Give the lines again exactly as they appear below, from the line with "2022年2月,在山东兖矿集" to the line with "# UGG Disquette", both included, and only those lines. Leave every picture out.
[Start of section]
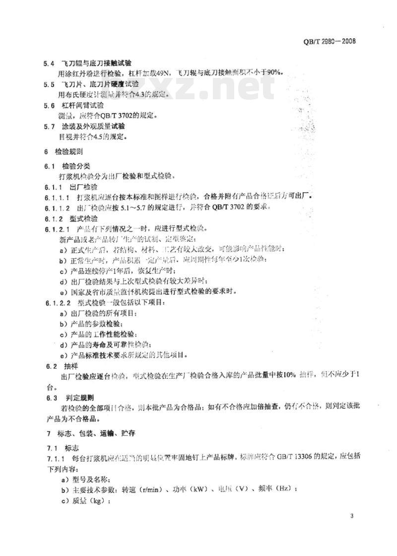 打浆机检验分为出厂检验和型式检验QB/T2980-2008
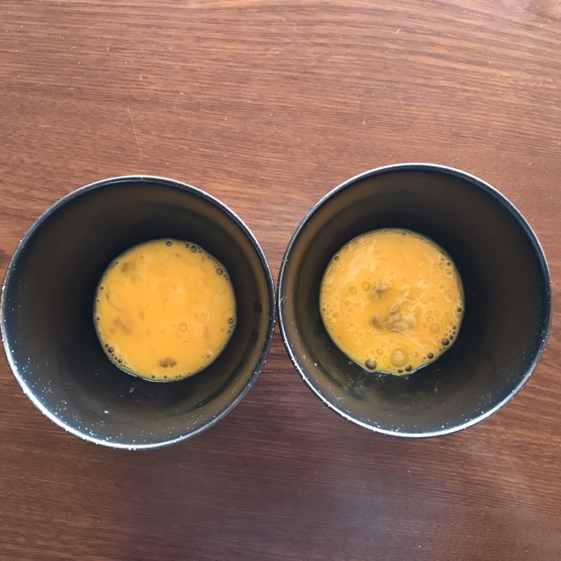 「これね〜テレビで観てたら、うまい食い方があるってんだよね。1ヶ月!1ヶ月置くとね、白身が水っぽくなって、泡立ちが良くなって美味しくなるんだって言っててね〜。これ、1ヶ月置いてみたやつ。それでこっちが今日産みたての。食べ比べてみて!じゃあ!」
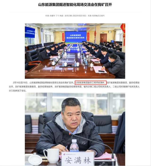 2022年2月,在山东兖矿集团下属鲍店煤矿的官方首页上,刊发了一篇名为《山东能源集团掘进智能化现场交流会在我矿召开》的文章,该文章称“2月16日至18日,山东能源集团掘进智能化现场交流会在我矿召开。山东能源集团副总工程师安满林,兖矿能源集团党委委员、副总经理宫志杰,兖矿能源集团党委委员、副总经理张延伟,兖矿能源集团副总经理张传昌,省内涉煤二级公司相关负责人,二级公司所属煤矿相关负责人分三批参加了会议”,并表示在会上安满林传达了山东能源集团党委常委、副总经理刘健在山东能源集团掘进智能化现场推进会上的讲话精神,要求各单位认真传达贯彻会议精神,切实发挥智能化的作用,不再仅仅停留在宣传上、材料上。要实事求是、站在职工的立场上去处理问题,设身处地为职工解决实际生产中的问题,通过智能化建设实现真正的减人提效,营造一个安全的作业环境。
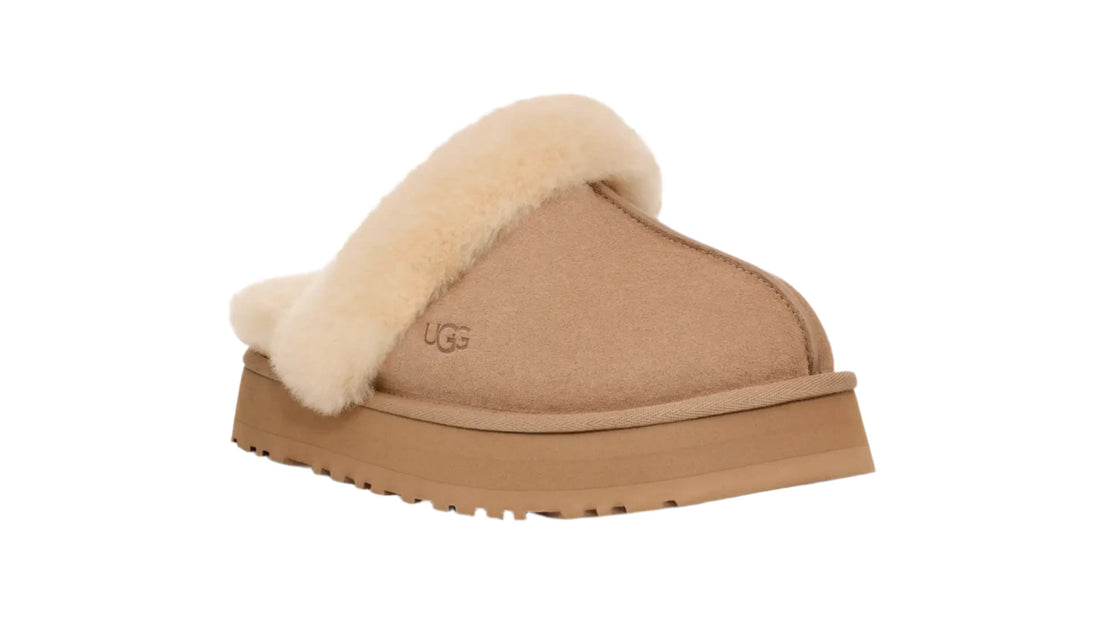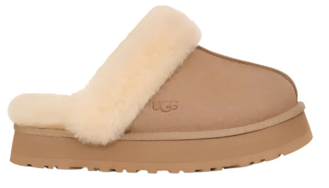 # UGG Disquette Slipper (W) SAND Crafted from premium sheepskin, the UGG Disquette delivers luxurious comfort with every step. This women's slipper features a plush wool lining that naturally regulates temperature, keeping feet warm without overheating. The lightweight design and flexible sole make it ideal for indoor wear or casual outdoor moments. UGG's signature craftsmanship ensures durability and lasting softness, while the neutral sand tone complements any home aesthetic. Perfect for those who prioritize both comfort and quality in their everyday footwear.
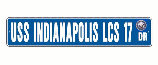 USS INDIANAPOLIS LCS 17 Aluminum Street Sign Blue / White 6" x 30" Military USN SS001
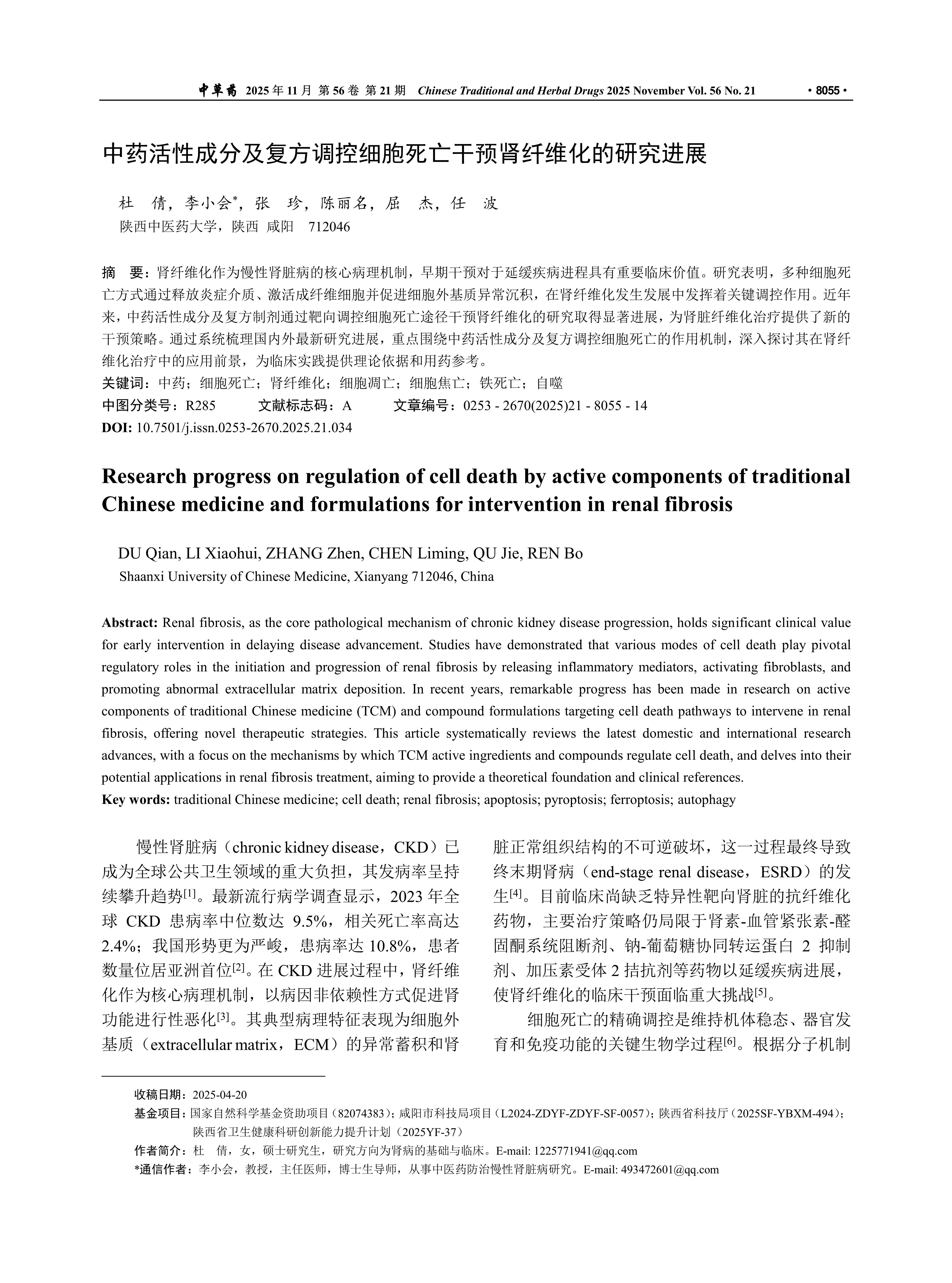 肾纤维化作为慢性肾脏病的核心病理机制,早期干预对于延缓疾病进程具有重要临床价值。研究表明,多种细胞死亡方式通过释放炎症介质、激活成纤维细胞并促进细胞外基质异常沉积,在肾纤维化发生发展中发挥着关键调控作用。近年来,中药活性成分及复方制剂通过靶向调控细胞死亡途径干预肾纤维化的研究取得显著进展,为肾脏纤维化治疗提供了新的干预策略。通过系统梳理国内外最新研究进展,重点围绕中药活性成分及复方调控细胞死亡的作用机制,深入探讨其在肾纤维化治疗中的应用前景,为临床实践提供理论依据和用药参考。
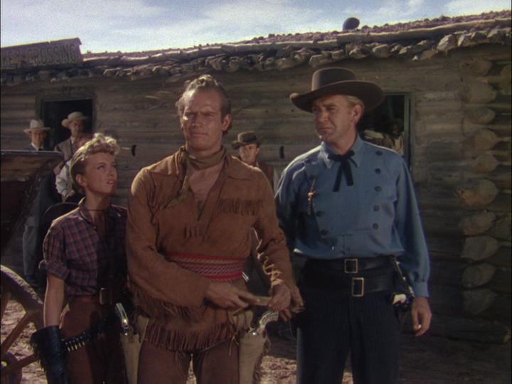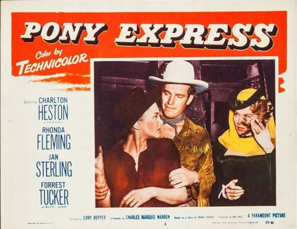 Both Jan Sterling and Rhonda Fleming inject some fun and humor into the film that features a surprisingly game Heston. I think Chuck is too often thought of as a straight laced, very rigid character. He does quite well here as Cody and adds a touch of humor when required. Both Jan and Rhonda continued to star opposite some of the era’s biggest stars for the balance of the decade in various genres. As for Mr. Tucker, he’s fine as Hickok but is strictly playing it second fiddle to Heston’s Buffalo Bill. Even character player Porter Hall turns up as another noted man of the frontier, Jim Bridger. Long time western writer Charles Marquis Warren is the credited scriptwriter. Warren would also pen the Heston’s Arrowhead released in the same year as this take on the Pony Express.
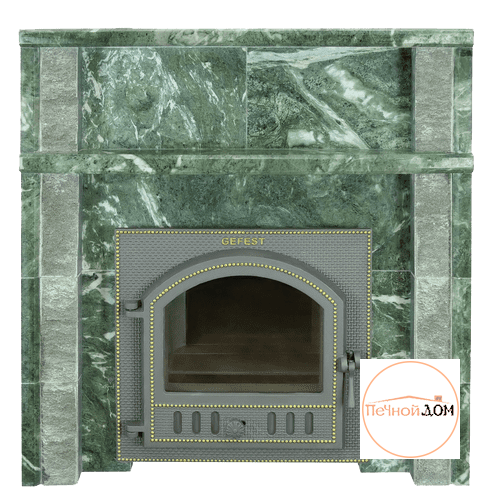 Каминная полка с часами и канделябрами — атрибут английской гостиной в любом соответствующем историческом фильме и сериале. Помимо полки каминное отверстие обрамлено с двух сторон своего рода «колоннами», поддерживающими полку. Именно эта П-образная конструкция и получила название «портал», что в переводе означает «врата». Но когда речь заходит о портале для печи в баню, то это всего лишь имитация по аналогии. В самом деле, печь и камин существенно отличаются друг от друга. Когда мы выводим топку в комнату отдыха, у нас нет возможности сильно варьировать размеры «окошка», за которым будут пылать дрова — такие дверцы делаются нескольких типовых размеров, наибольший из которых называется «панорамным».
[End of section]
> **RESULT BELOW**:
 2022年2月,在山东兖矿集团下属鲍店煤矿的官方首页上,刊发了一篇名为《山东能源集团掘进智能化现场交流会在我矿召开》的文章,该文章称“2月16日至18日,山东能源集团掘进智能化现场交流会在我矿召开。山东能源集团副总工程师安满林,兖矿能源集团党委委员、副总经理宫志杰,兖矿能源集团党委委员、副总经理张延伟,兖矿能源集团副总经理张传昌,省内涉煤二级公司相关负责人,二级公司所属煤矿相关负责人分三批参加了会议”,并表示在会上安满林传达了山东能源集团党委常委、副总经理刘健在山东能源集团掘进智能化现场推进会上的讲话精神,要求各单位认真传达贯彻会议精神,切实发挥智能化的作用,不再仅仅停留在宣传上、材料上。要实事求是、站在职工的立场上去处理问题,设身处地为职工解决实际生产中的问题,通过智能化建设实现真正的减人提效,营造一个安全的作业环境。
 # UGG Disquette Slipper (W) SAND Crafted from premium sheepskin, the UGG Disquette delivers luxurious comfort with every step. This women's slipper features a plush wool lining that naturally regulates temperature, keeping feet warm without overheating. The lightweight design and flexible sole make it ideal for indoor wear or casual outdoor moments. UGG's signature craftsmanship ensures durability and lasting softness, while the neutral sand tone complements any home aesthetic. Perfect for those who prioritize both comfort and quality in their everyday footwear.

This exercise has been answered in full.